Sunday, September 16, 2007

Errol Louis
Bedford-Stuyvesant activists clean up gang graffiti
Sunday, September 2nd 2007, 11:48 PM

On Friday morning, less than two hours after a single bullet wounded Officer Brian O'Byrne outside the Breevoort Houses in Bedford-Stuyvesant, hundreds of heavily armed officers were running sweeps through the development, questioning possible witnesses while a loudspeaker announced a $10,000 reward for anybody willing to give up the shooter.
It should not have taken the shooting of a cop for the big blue machine to swing into action. There are signs everywhere that violent crime is increasing in Bedford- Stuyvesant.
So far this year, murders have jumped in the precincts that cover the neighborhood: Killings are up 18% in the 79th Precinct and up 22% in the 81st compared with last year.
But there has been a curious apathy on the part of NYPD commanders when it comes to battling this wave of violence.
Exhibit A is the main walkway in the middle of the Tompkins Houses public housing. The Bloods gang has taken over the complex so completely that for months - a full year, according to some residents - ominous words were spray-painted all over the main walkway of Tompkins in big red letters: WELCOME TO DEATH ROW.
The walkway runs two blocks and has cast-iron fences on both sides. Once you're on it, there are few places to run. Criminals have found it an ideal spot for ambushes.
There could be no mistaking what the red spray paint meant. Each message was tagged with the nickname Teflon.
In one place, there's one red arrow pointing to DEATH ROW and another pointing to MEMORY LANE, festooned with half a dozen initials of the dead. There's even a no-trespass sign painted across the street on the walkway of the adjacent Sumner Houses: a red arrow, the label TOMPKINS and the warning DON'T SLIP.
For reasons best known to themselves, the Housing Authority and the NYPD left this murder manifesto undisturbed, in full view of the complex's 3,300 residents. It's hard to imagine a better way to let people know they are completely outside the concern or the protection of the city, hostages at the mercy of murderous thugs.
As we've heard ad nauseam since the early 1990s, the NYPD's vaunted "broken windows" approach to crime-fighting depends on stopping little infractions to show crooks that somebody cares about the area and will fight to protect it.
You'd think that bright red gang graffiti in foot-high letters would qualify. It seems the cops - and officials of the Housing Authority, the landlord - either passed by the DEATH ROW markings every day and ignored them, or quit patrolling the area at all.
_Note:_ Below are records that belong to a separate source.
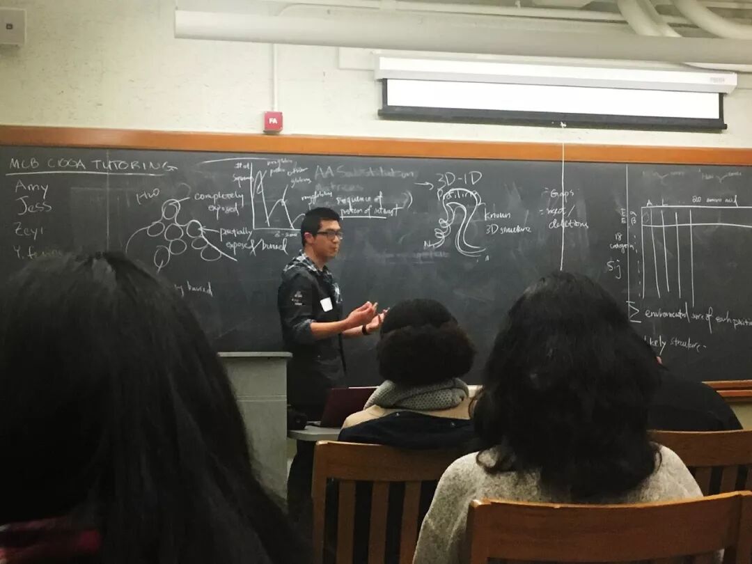 由于一些时候学有余力,我非常乐于以各种形式去帮助同学们解决各种课程上的问题。大一的时候,我就曾非官方地开过普通化学课的小讲座,帮助同学们在期末考试前梳理重要的知识点。大二时,我与汪潇同学合作,共同每周为低年级的同学开设物理、化学课程的辅导课,增进大家对于重难点的理解以及讲授习题的解题方法。大三时,适逢高等数学、数学分析课程开放助教岗位给本科生,我如愿以偿地做了一学期官方承认的助教工作。这一学年在伯克利交换时,因为第一学期在一门数百人的大课Biophysical Chemistry课上成绩突出,被教授选为了这一学期的tutor(导生),也是每周讲一次lecture的形式帮助这一学期选课的同学。用纯英文给绝大部分是英语母语的同学讲课当然非常地有挑战性,但得益于已有的讲课经验打消了我的畏难情绪,我还是坚持用充足的准备打磨每一次的授课质量,尽全力帮助选课的同学。
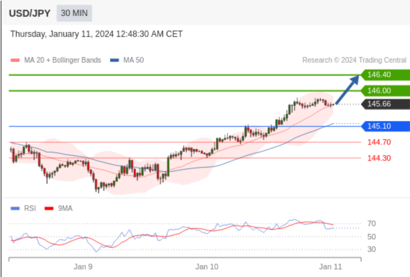在 145.10 之上,看涨,目标价位为 146.00 ,然后为 146.40 。
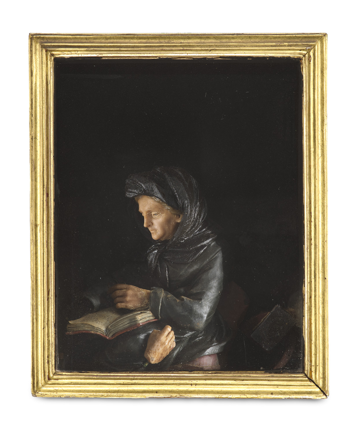 Die Großmutter. Um 1770-90. Relief. Wachsbossierung aus farbigem Wachs und Draht. In vergoldetem Holzkästchen unter Glas präsentiert (ungeöffnet). 23 x 19 cm.
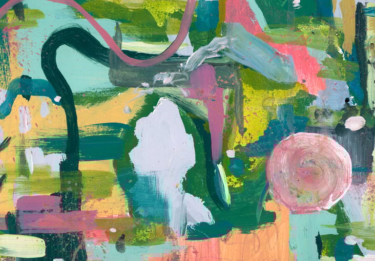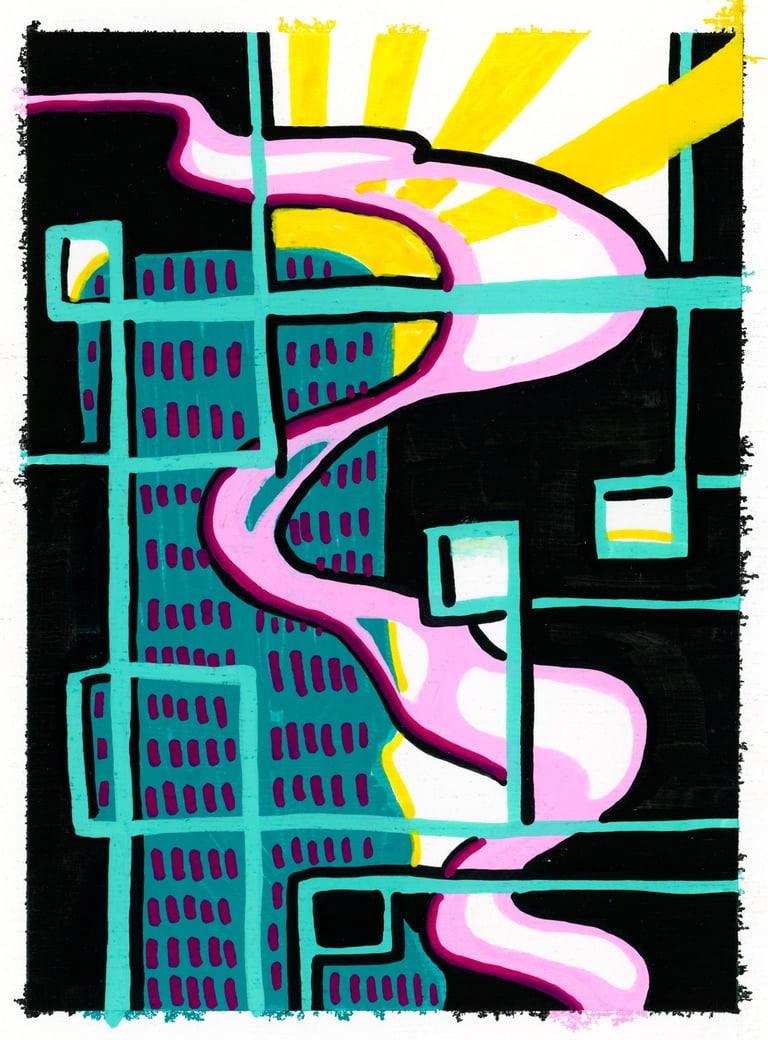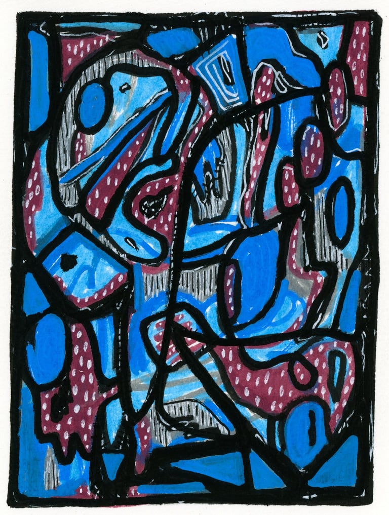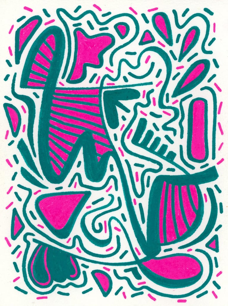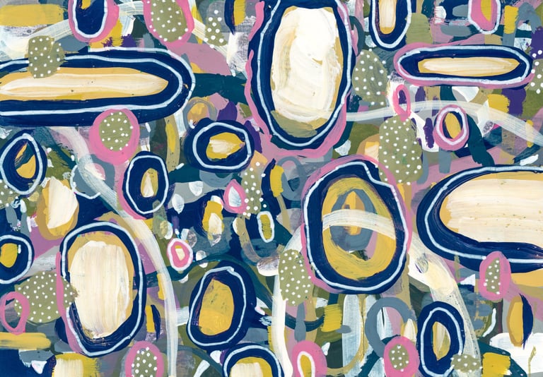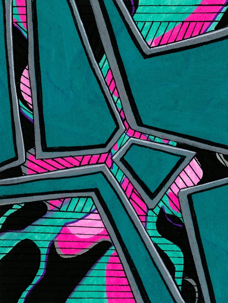 This collection explores bold geometry, stylized structure, and intuitive rhythm. While the shapes may seem planned, each composition is built through a responsive, instinctive process - what feels missing, what wants to echo, where contrast needs to land. I follow a call-and-response approach, letting each line or form guide the next until the piece feels resolved. Some works lean abstract, others more playful or graphic, but all share a foundation in dynamic structure and vibrant contrast.

A few exasperated Bed-Stuy leaders took matters into their own hands last week, covering the gang markings with black spray paint. The minute they began spraying, residents ran over to thank them and point out other spots to cover.
The move was the brainchild of activist Taharka Robinson, founder of the Central Brooklyn Anti-Violence Coalition, who rounded up a few retired cops - including state Sen. Eric Adams and Mark Claxton of 100 Blacks in Law Enforcement - and a couple of ministers, the Revs. Leonard Hatter and Damon Cabbagestalk.
The bravest member of the group was my neighbor Frances Davis, whose three sons were murdered in the complex between 1987 and 1993.
"This was my second home. I got married in the community center," she said. "It broke my heart when I saw those words on the ground."
The words are gone - for now. It's up to everyone - the cops, the community, the Housing Authority - to keep them gone, and to join in the fight to save Bed-Stuy from the violent criminals who prey on it.